[[ Provided material open ]]
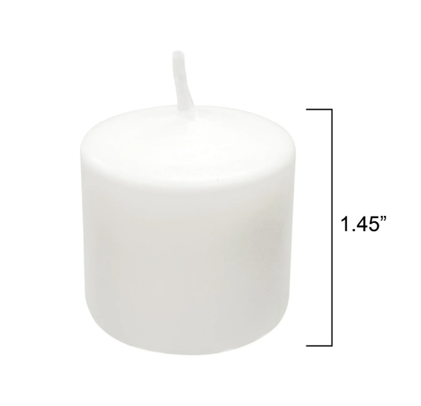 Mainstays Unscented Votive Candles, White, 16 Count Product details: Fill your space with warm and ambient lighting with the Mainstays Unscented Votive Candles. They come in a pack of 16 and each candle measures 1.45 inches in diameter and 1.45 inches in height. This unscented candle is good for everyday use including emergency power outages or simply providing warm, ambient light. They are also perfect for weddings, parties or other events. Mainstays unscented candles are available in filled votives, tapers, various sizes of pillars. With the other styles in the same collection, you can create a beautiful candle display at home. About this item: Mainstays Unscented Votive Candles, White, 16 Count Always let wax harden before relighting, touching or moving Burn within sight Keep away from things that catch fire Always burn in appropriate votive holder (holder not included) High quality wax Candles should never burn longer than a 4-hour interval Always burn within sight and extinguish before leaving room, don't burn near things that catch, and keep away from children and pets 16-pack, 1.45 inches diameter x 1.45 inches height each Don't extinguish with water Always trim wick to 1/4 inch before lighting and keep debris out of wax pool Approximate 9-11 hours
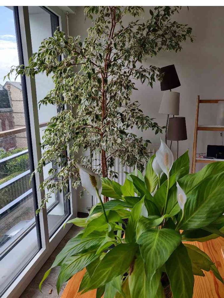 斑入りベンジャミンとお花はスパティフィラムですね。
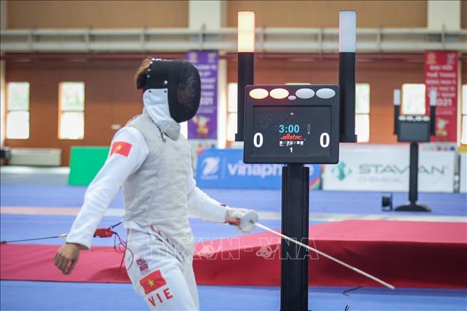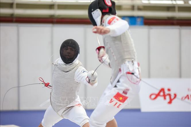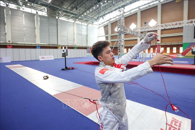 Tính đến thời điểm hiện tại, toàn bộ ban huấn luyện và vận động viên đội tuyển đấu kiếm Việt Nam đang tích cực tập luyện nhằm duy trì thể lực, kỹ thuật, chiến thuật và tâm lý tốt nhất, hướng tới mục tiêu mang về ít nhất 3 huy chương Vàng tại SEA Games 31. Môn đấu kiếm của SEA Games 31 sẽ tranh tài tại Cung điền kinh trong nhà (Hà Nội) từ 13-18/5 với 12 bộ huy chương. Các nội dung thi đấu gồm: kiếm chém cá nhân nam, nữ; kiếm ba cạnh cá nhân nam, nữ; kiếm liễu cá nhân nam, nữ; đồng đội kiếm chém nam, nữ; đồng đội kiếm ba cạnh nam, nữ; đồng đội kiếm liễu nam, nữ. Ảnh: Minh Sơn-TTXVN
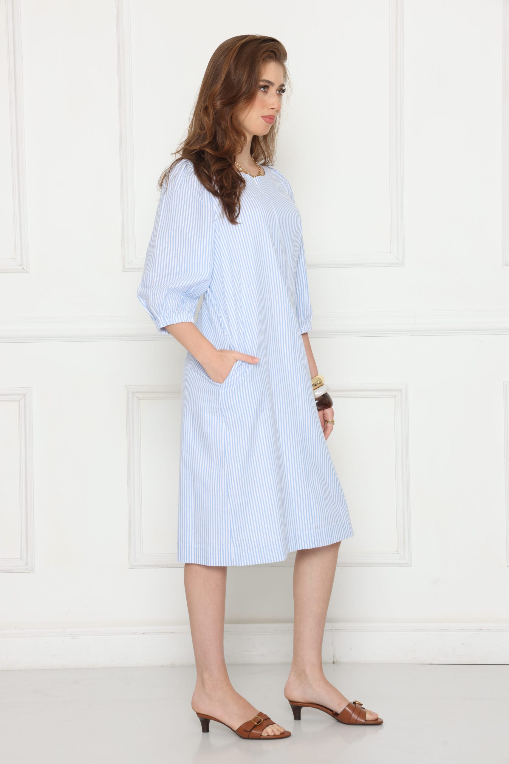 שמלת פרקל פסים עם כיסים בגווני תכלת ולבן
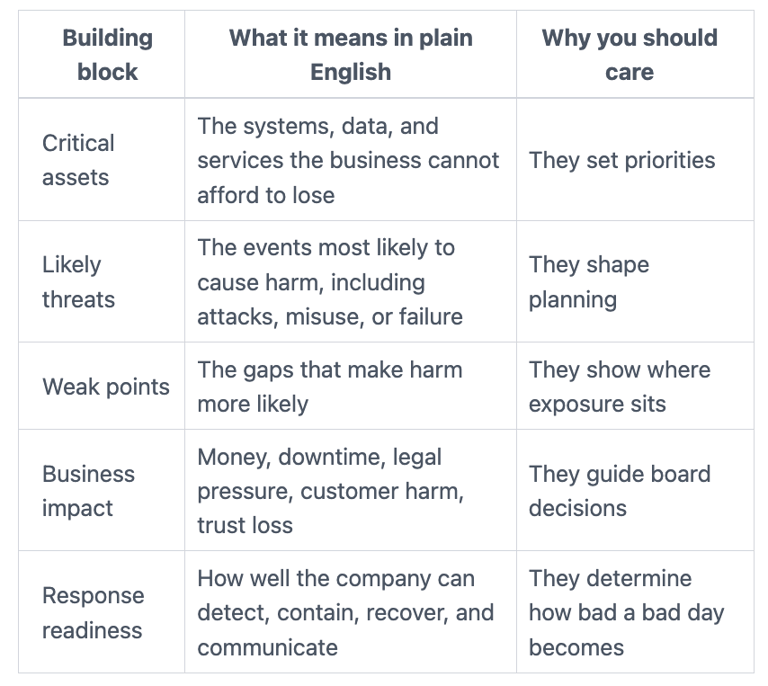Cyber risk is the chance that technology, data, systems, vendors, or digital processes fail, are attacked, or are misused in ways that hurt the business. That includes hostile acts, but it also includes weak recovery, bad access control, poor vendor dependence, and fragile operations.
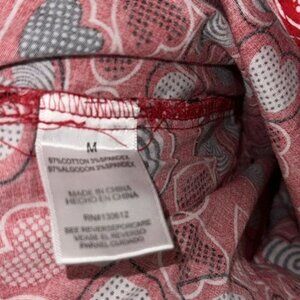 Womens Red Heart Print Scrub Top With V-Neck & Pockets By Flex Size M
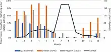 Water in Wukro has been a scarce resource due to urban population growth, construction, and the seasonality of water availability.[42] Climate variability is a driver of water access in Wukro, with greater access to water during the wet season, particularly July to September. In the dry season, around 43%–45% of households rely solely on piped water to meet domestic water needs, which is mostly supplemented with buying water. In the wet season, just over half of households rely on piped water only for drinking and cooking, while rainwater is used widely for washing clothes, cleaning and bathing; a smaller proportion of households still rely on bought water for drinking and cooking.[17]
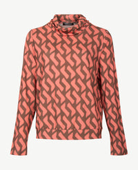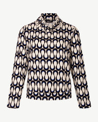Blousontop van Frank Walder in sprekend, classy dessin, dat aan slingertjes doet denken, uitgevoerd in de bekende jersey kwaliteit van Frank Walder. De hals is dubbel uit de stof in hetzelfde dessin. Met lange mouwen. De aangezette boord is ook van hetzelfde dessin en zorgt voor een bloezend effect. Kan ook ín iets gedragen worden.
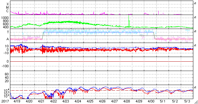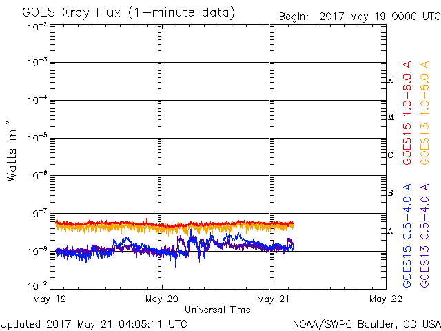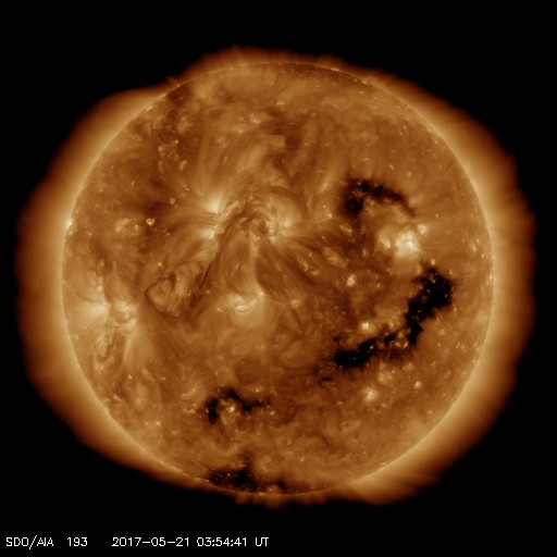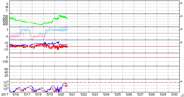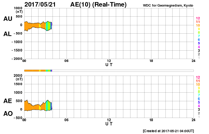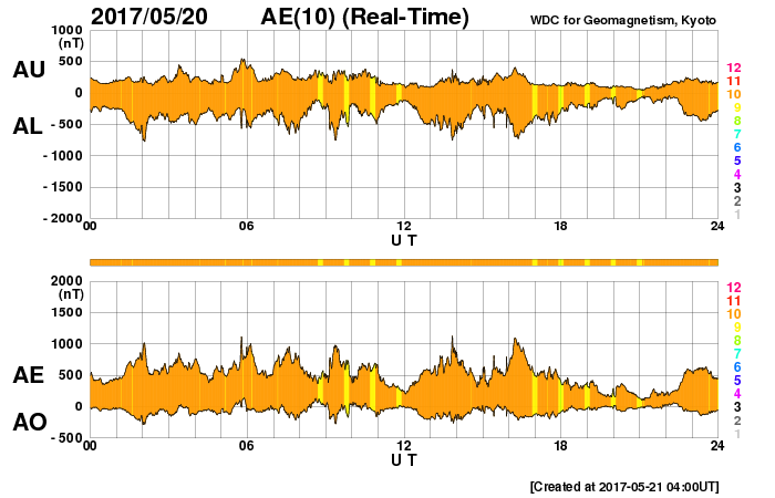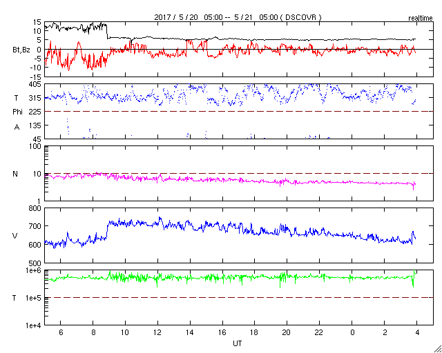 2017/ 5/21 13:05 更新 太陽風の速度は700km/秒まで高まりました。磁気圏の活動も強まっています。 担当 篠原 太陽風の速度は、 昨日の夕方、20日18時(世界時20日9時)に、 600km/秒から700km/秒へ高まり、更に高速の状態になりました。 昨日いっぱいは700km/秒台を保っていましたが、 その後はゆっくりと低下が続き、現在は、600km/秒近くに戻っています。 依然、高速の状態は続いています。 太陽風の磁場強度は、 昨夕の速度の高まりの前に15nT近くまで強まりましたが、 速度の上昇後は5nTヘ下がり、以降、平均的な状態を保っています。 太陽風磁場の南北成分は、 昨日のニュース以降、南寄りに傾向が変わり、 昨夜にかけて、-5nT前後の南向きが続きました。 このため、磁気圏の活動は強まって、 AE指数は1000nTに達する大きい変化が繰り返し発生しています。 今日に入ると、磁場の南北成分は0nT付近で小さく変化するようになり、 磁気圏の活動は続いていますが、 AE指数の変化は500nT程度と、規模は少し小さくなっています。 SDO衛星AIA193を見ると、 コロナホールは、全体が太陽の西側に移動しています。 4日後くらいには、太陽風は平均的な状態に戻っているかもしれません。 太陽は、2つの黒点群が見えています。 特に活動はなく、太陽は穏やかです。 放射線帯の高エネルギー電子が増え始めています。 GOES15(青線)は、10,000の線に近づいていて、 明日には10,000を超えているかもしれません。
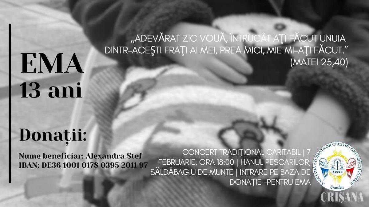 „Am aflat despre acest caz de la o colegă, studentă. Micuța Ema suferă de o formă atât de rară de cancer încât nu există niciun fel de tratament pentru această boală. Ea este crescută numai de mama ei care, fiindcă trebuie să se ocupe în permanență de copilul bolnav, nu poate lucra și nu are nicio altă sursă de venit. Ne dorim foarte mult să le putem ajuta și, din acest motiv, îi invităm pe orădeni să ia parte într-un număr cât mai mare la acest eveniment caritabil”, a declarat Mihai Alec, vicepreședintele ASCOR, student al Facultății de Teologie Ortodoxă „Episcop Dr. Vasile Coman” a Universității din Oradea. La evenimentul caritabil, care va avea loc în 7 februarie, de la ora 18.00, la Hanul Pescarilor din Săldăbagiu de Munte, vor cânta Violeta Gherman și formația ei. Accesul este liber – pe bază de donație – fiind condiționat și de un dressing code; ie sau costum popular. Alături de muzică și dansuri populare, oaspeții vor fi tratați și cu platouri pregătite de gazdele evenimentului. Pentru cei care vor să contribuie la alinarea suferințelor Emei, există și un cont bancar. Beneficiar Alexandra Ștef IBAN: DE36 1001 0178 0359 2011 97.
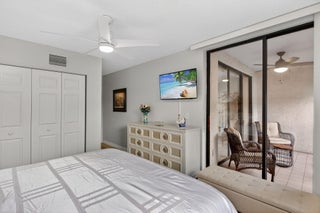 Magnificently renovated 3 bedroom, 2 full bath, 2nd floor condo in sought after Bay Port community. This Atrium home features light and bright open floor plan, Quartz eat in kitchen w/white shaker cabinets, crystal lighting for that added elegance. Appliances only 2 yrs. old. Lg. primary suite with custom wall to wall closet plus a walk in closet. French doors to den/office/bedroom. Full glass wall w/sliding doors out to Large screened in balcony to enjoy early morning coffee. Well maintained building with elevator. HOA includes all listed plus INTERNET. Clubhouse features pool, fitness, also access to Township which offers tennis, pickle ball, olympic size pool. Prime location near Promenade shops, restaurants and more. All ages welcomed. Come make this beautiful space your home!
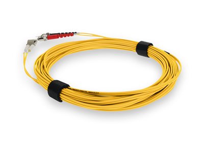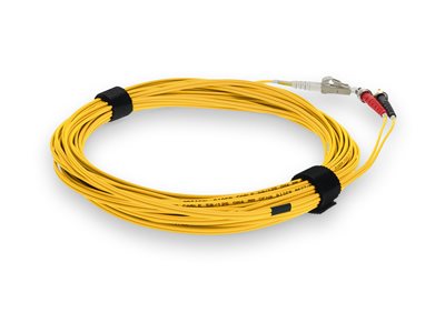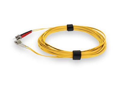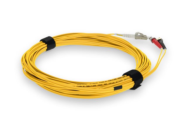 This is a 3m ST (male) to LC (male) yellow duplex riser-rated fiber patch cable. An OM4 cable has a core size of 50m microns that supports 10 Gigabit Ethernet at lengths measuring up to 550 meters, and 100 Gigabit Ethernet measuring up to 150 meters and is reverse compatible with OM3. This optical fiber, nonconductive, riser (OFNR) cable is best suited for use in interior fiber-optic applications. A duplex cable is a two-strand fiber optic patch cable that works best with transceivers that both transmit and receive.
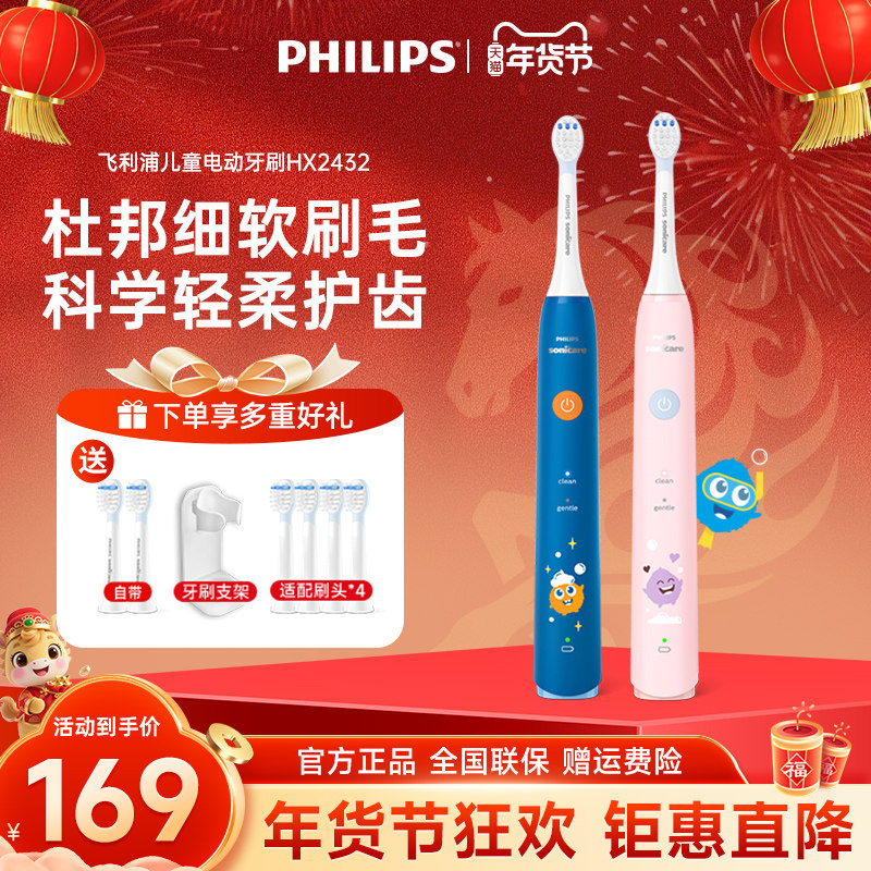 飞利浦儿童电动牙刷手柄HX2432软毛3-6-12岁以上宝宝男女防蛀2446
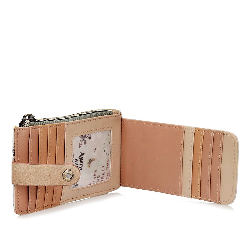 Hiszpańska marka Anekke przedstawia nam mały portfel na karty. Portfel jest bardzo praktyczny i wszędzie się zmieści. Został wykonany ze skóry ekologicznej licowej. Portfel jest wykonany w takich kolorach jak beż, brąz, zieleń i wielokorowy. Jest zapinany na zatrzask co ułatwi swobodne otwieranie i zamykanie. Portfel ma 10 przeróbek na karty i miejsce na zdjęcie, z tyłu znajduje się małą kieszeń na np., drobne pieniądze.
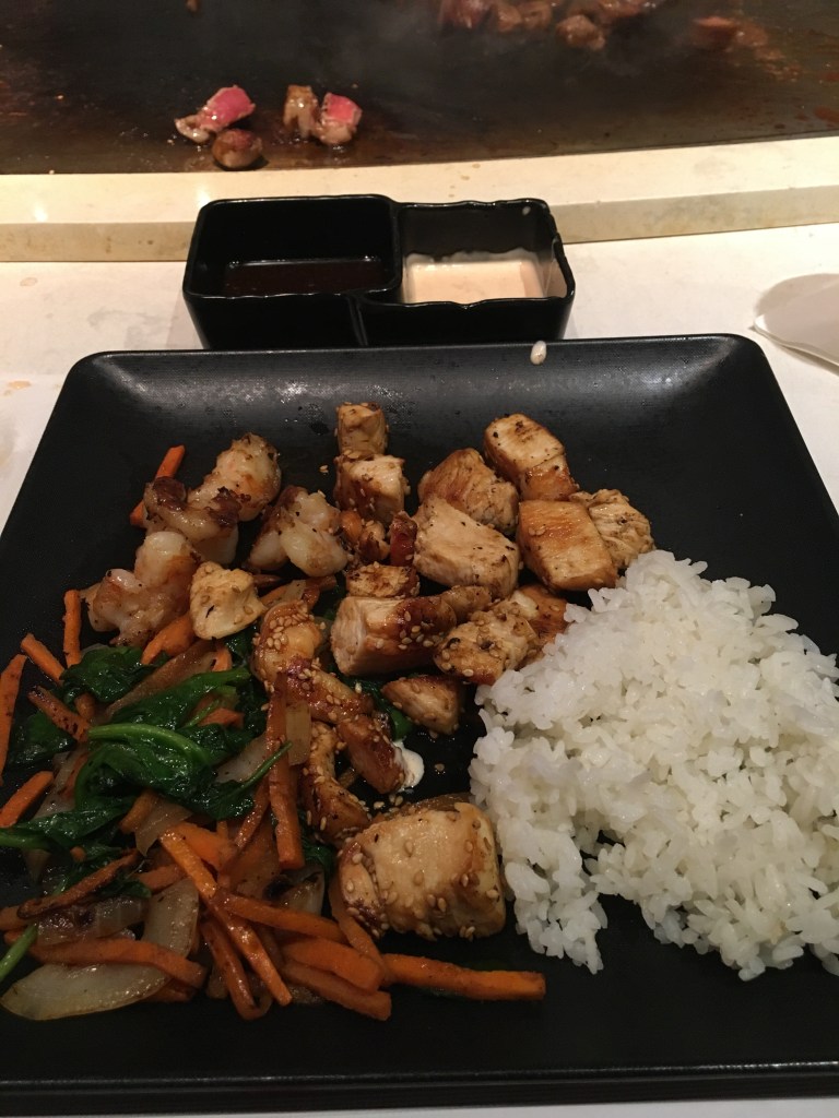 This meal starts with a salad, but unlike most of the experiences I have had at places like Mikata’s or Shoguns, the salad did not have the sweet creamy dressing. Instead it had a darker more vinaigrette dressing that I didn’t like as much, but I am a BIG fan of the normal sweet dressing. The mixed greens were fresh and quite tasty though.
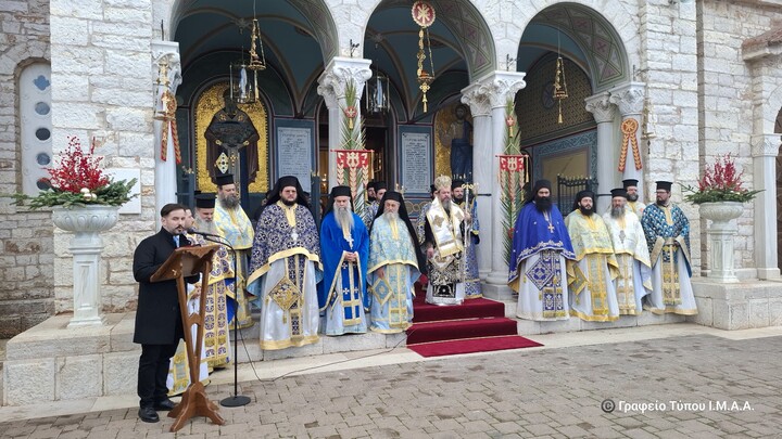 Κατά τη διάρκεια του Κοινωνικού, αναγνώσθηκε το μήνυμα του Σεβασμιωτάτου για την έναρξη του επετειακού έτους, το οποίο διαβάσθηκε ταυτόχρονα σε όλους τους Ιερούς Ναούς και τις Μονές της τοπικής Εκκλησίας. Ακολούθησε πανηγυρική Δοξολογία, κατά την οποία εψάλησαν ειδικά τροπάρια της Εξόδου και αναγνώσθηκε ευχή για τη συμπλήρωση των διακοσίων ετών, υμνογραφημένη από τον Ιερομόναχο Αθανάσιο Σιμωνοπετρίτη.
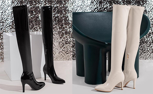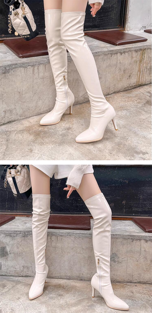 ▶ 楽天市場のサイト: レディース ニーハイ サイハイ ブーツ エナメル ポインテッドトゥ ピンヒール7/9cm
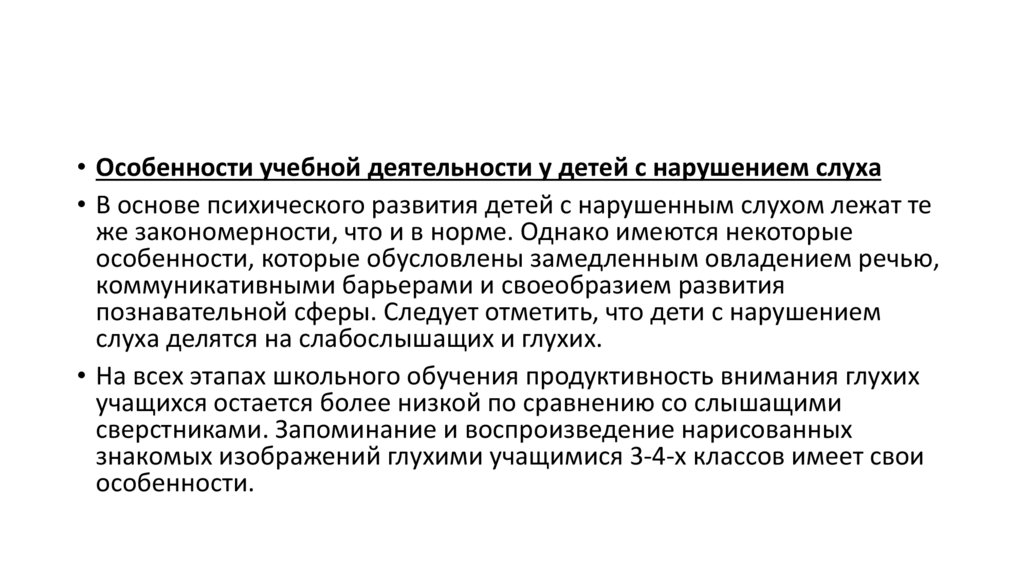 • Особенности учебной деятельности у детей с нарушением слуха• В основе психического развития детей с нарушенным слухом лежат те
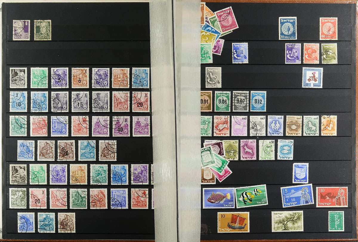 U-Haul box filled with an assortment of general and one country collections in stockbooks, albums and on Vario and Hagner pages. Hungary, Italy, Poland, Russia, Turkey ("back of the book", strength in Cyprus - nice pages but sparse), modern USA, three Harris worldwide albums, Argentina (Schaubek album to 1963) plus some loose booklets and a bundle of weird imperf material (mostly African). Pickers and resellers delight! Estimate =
[[ Provided material closed ]]
◆ What needs to be done
Your answer should be the lines above, word for word, from the line with "Tính đến thời" through the line with "Cyber risk is", minus the pictures.

◆ Reply to the exercise
 Tính đến thời điểm hiện tại, toàn bộ ban huấn luyện và vận động viên đội tuyển đấu kiếm Việt Nam đang tích cực tập luyện nhằm duy trì thể lực, kỹ thuật, chiến thuật và tâm lý tốt nhất, hướng tới mục tiêu mang về ít nhất 3 huy chương Vàng tại SEA Games 31. Môn đấu kiếm của SEA Games 31 sẽ tranh tài tại Cung điền kinh trong nhà (Hà Nội) từ 13-18/5 với 12 bộ huy chương. Các nội dung thi đấu gồm: kiếm chém cá nhân nam, nữ; kiếm ba cạnh cá nhân nam, nữ; kiếm liễu cá nhân nam, nữ; đồng đội kiếm chém nam, nữ; đồng đội kiếm ba cạnh nam, nữ; đồng đội kiếm liễu nam, nữ. Ảnh: Minh Sơn-TTXVN
 שמלת פרקל פסים עם כיסים בגווני תכלת ולבן
Cyber risk is the chance that technology, data, systems, vendors, or digital processes fail, are attacked, or are misused in ways that hurt the business. That includes hostile acts, but it also includes weak recovery, bad access control, poor vendor dependence, and fragile operations.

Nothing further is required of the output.